Gondry sat with activist Chomsky for years discussing topics ranging from religion to science to language, to the mystery of inspiration.  Their dialogue is presented here in animated form, with Gondry creating childlike illustrations to amplify Chomsky's compelling ideas and thoughts. The drama comes from Gondry's struggle with the English language, and his occasional failure to make his thoughts clear to Chomsky. Chomsky is patient, and there's a kindness that emanates from him. Watching this film felt like being in the next room, listening in to a conversation that you wouldn't ordinarily be part of, yet you can't stop listening. Gondry's drawings, cartoonish and surreal, are what we might imagine in our heads as we try to follow the high-blown topics.

Particularly moving is when Chomsky chooses not to discuss his late wife, uncomfortable with such a sad subject.
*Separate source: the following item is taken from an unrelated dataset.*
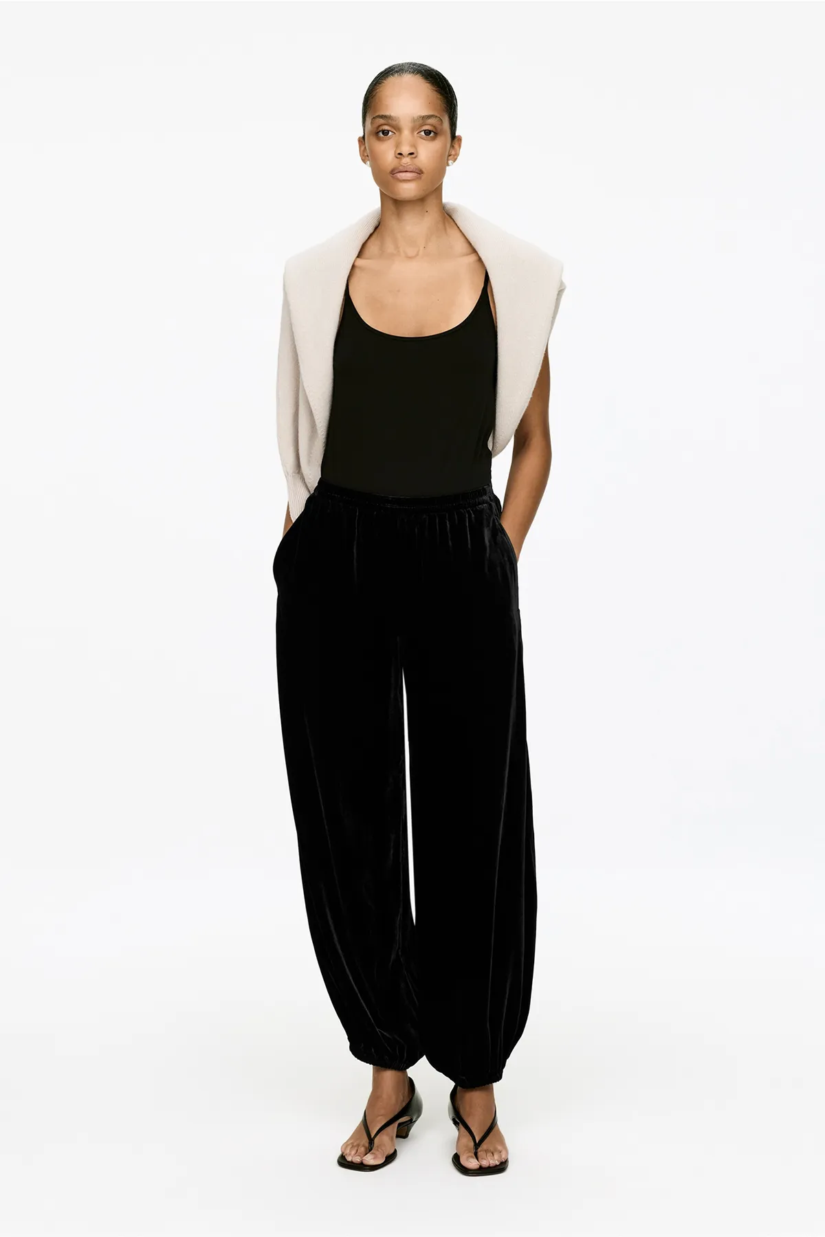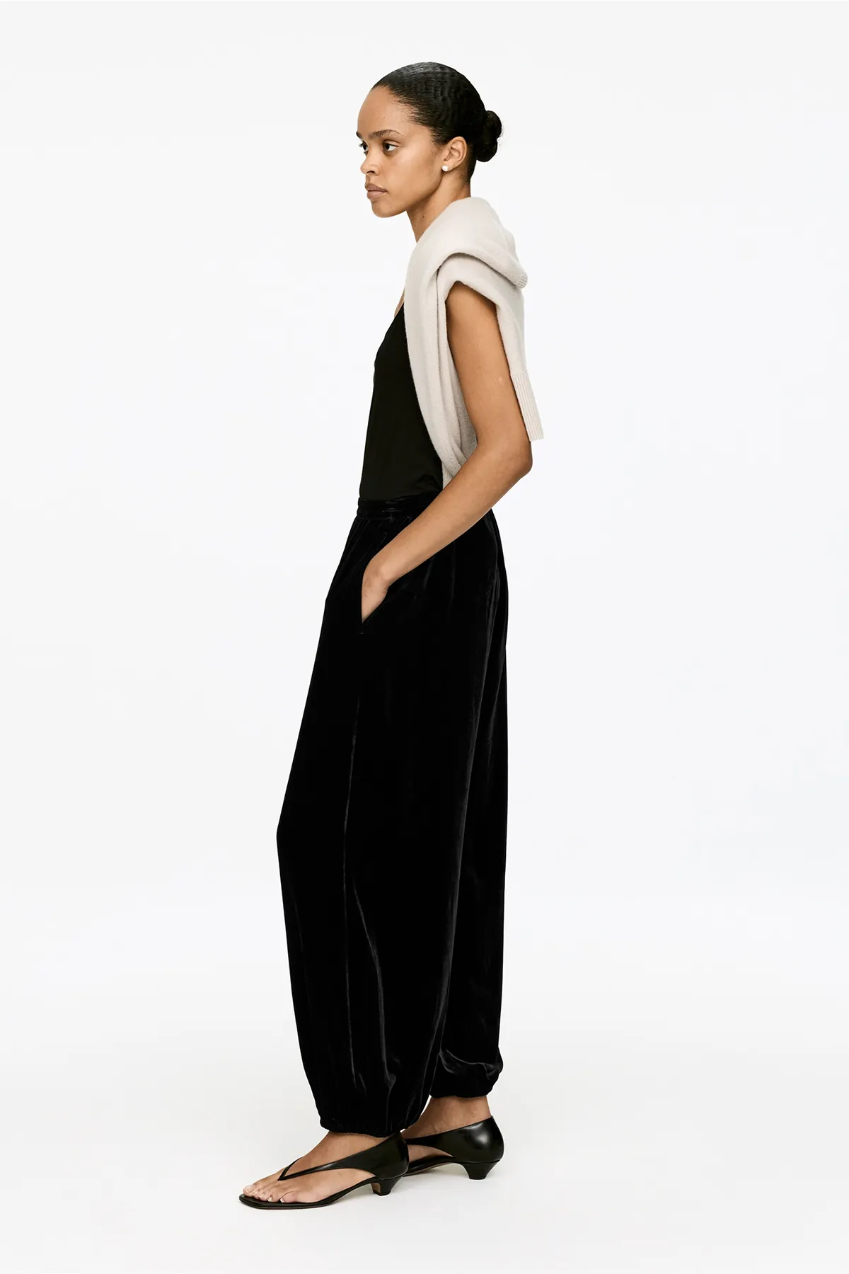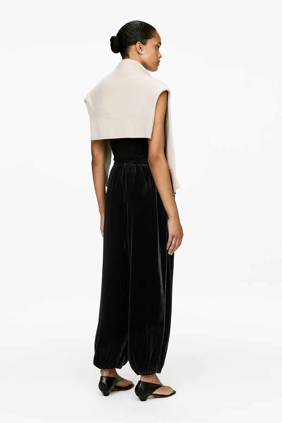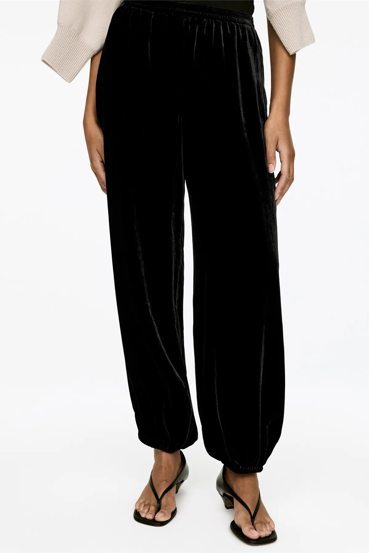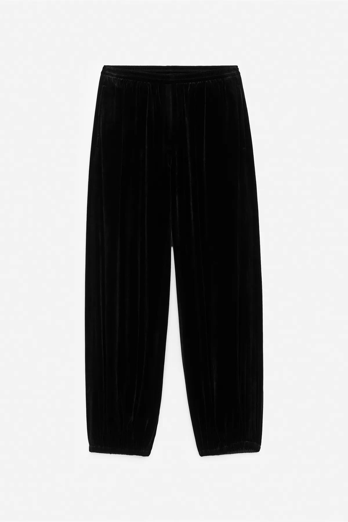 Свободные брюки из смеси вискозы и шелка. Дизайн включает боковые карманы, эластичный пояс и пышные штанины.

Gondry responds with a drawing of Chomsky and his wife as a childlike bride and groom, walking hand in hand through a surreal woodland area, reminding me of John Updike's description of himself and his first wife, "hand in hand, smaller than Hansel and Gretel." I liked this documentary, particularly when Chomsky says he doesn't give much thought to happiness. What a novel idea! Especially now, when so many people not only treat happiness as an inalienable right, but look down on those who don't chase it like the Holy Grail.